Simple illustration showing our rationale behind our early bet “paired matching” to fill the four bedroom apartments

While we didn’t quite fail on this bet, we believe we’ve found a better way and have since reevaluated the way we design around the idea of finding at lease one roommate you like. More on that shortly.

Getting feedback on prototypes along the way

Check out a later prototype which tested our chatbot interface.

Forming and designing our big bets

Bet 1: Take out the guesswork; don’t overwhelm.

A key value-add for our platform is simplicity. RoommieMatch, Craigslist, and Facebook Groups all require users to sift through dozens or hundreds of listings and potential roommates to find one suitable for them. By only recommending users download the app after they tour and are interested in the building, we create a pool of people with high intent and shared interest. We also only introduce you to one or two groups at a time — a distinctly better experience than being bombarded with emails or sifting through hundreds of housing posts.

Bet 2: Help ensure safety.

Every person’s Covalent profile starts by signing in with Facebook. We explain this in onboarding to show how seriously Covalent takes safety.
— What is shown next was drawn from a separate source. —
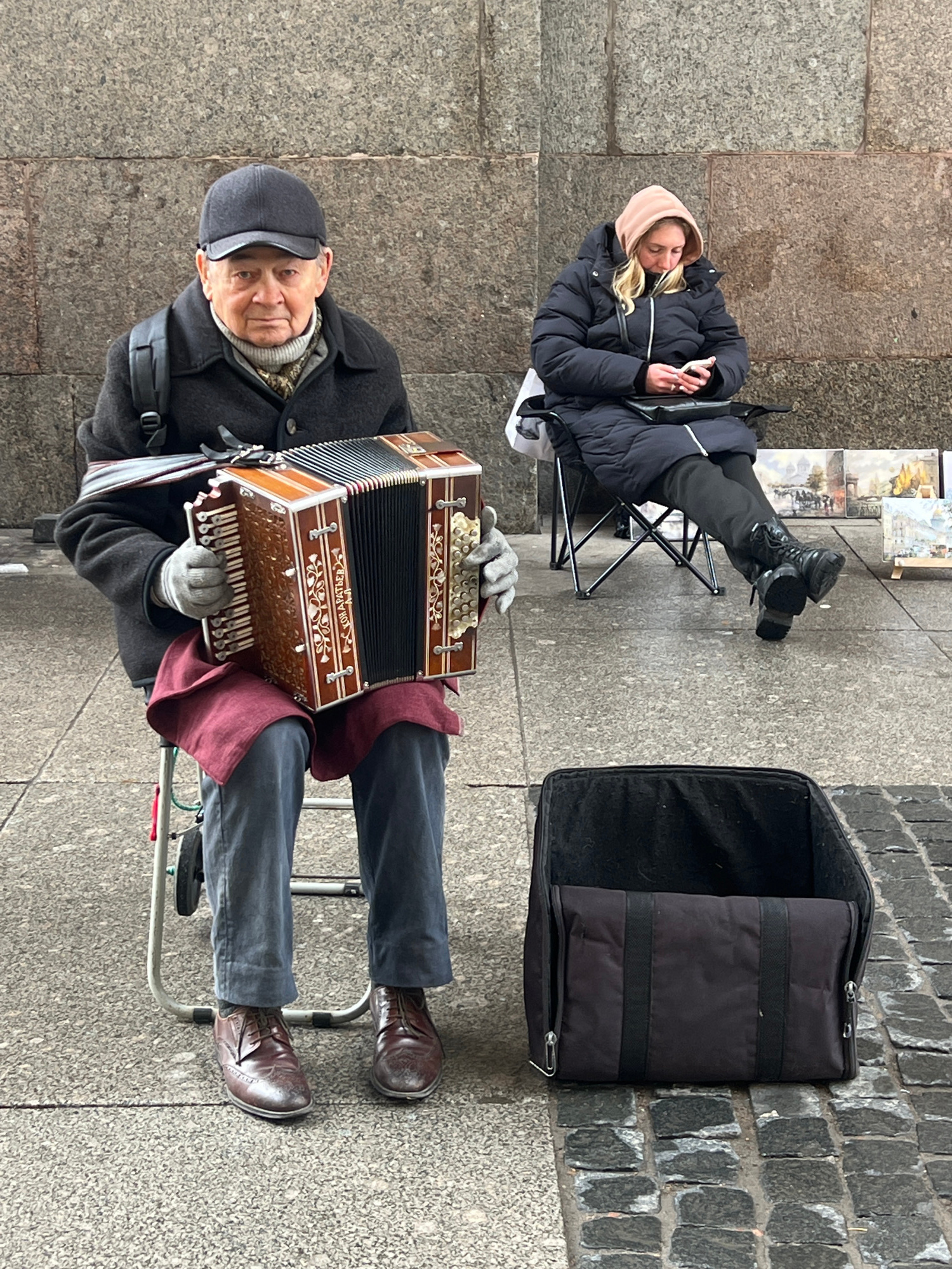 The image shows a man playing an accordion on a sidewalk in what appears to be St. Petersburg, Russia, based on the architectural style of the buildings depicted in the paintings in the background. Th…read more

Additionally, each profile is reviewed by a human

Bet 3: Be a catalyst for action.

A clear theme in our research was that many conversations led to non-starters. We didn’t want that to happen on our platform so we incorporate Heather into every conversation with suggestions and call-to-actions along the way.

Bet 4: Introduce people in groups of four.

Introducing people in groups of four maximizes the chance any given roommate finds someone he or she likes in a group. We’re still betting that you’re better off finding one person you really think you want to live with — but by introducing you in groups of 4, we’re tripling the chances that you find that person.

Iterations & designing details

A few challenges in the later-stage design stages along with iterations of how we solved them and why.

Challenge 1: How to make an intuitive interaction when replying to Heather, our chatbot? Solution: Make quick reply buttons resemble “sent” messages.

Challenge 2: How to make names visible and profiles accessible when in a group chat with potential roommates? Solution: minimal information on message screen + swipe down or tap top-right button to expand.

Challenge 3: How to design a rating interaction that is fun and intuitive? Solution: Three emojis — “yes”, “no”, “not sure”.

Challenge 4: How to seamlessly navigate and search through the app? Solution: gesture-based navigation throughout app (similar to Instagram) with Search button always available on menu.

Next steps, reflection, and learnings

As project moves into development, we will focus on designing more details like interactions and enhancing visuals. I will also support the engineering team (try to make their lives easier) and help define what we need to measure so we can make data-informed decisions post-launch.

Overall, I’m very satisfied with what the team accomplished in six weeks. At the top of my list of learnings: the importance of prototyping rapidly by ignoring my pixel-perfect tendencies.